(Records drawn from a dataset)
****
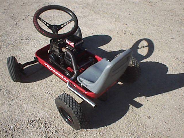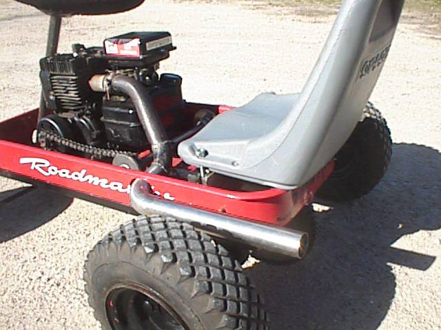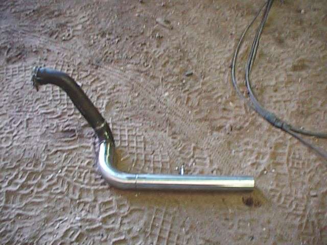 I got a little sick of having the exhaust pointed directly to me so I decided to make a header. I wanted it to enhance the look of the dirt tracker while looking a little bit flashy. Off to the metal pile I went. I found a piece of 2" stainless pipe with a bend in it already first. Then I found another piece of 2" pipe that had close to the right amount of bend. I only had to make two cuts and welds to get it to fit. I had bought a race header but decide for ease of assembly to just slip the pipe of the existing muffler. This also gives me some give in the muffler pipe so I dont stress it. Especially as I bolted the pipe to the wagon body so it would not flop around. I drilled the stock muffler out to 3/4 inch which is about the stock outlet anyway. It has a really neat sound now. A little rough but still muffled. |
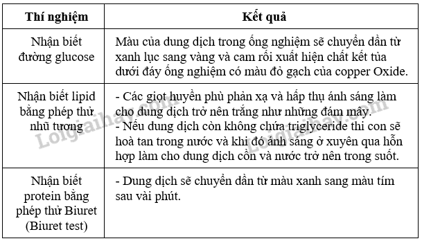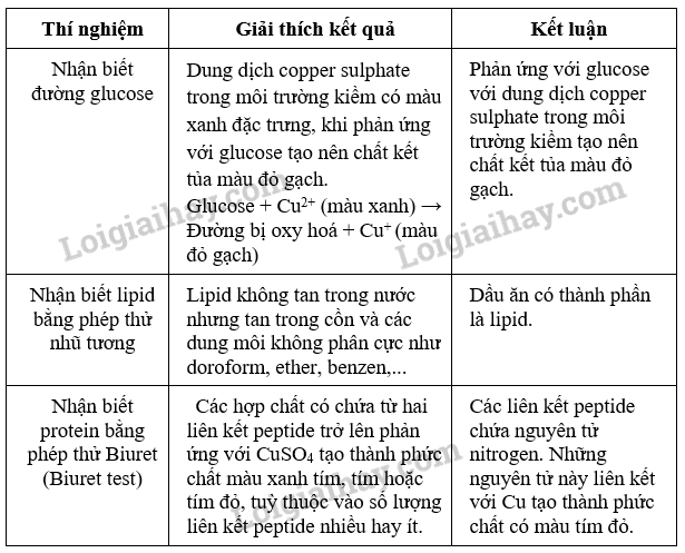 – Áp dụng được nguyên lí của các phản ứng hoá học đặc thù để nhận biết được từng loại phân tử sinh học.
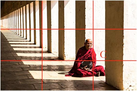 這三張圖都是就是黃金交叉點構(gòu)圖的應(yīng)用,第三張是在緬甸的拍的,當(dāng)時這個僧人坐在有光的長廊里,他的頭不在交叉點上,但落在相對差不多的位置。
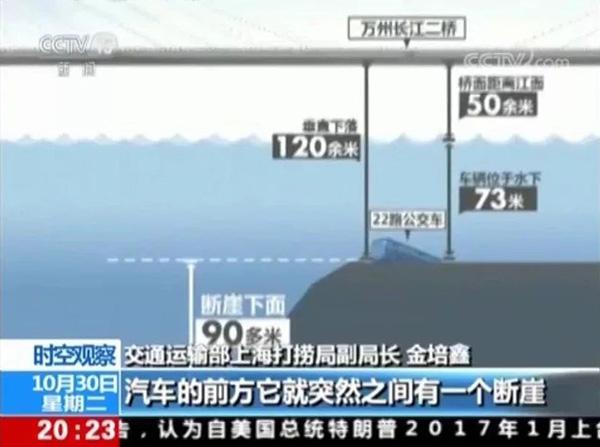 31日21时31分,交通运输部上海打捞局专业潜水员完成对重庆坠江公交车吊带的安装工作后,公交车的起吊工作正式开始。23时45分,公交车整体打捞出水。
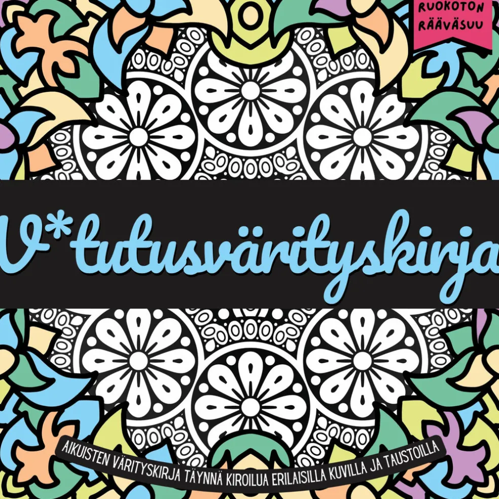 Tämä aikuisten värityskirja pitää sisällään geometrisia kuvioita, mandala-kuvioita ja ärsyttäviä koukeroita. Mutta mitä olisi v*tutusvärityskirja ilman kirosanoja? Jokainen mandala ja jokainen muukin sivu on höystetty kirosanoilla. Kirosanavärityskirja oli liian pitkä kanteen ja muutenkin kirjan nimi soljuu mukavasti suusta ulos. Niinkuin ne kirosanatkin.
****
— ASSIGNMENT —
Print each line above exactly as it appears, excluding all images.

— WRITTEN SOLUTION —
 I got a little sick of having the exhaust pointed directly to me so I decided to make a header. I wanted it to enhance the look of the dirt tracker while looking a little bit flashy. Off to the metal pile I went. I found a piece of 2" stainless pipe with a bend in it already first. Then I found another piece of 2" pipe that had close to the right amount of bend. I only had to make two cuts and welds to get it to fit. I had bought a race header but decide for ease of assembly to just slip the pipe of the existing muffler. This also gives me some give in the muffler pipe so I dont stress it. Especially as I bolted the pipe to the wagon body so it would not flop around. I drilled the stock muffler out to 3/4 inch which is about the stock outlet anyway. It has a really neat sound now. A little rough but still muffled. |
 – Áp dụng được nguyên lí của các phản ứng hoá học đặc thù để nhận biết được từng loại phân tử sinh học.
 這三張圖都是就是黃金交叉點構(gòu)圖的應(yīng)用,第三張是在緬甸的拍的,當(dāng)時這個僧人坐在有光的長廊里,他的頭不在交叉點上,但落在相對差不多的位置。
 31日21时31分,交通运输部上海打捞局专业潜水员完成对重庆坠江公交车吊带的安装工作后,公交车的起吊工作正式开始。23时45分,公交车整体打捞出水。
 Tämä aikuisten värityskirja pitää sisällään geometrisia kuvioita, mandala-kuvioita ja ärsyttäviä koukeroita. Mutta mitä olisi v*tutusvärityskirja ilman kirosanoja? Jokainen mandala ja jokainen muukin sivu on höystetty kirosanoilla. Kirosanavärityskirja oli liian pitkä kanteen ja muutenkin kirjan nimi soljuu mukavasti suusta ulos. Niinkuin ne kirosanatkin.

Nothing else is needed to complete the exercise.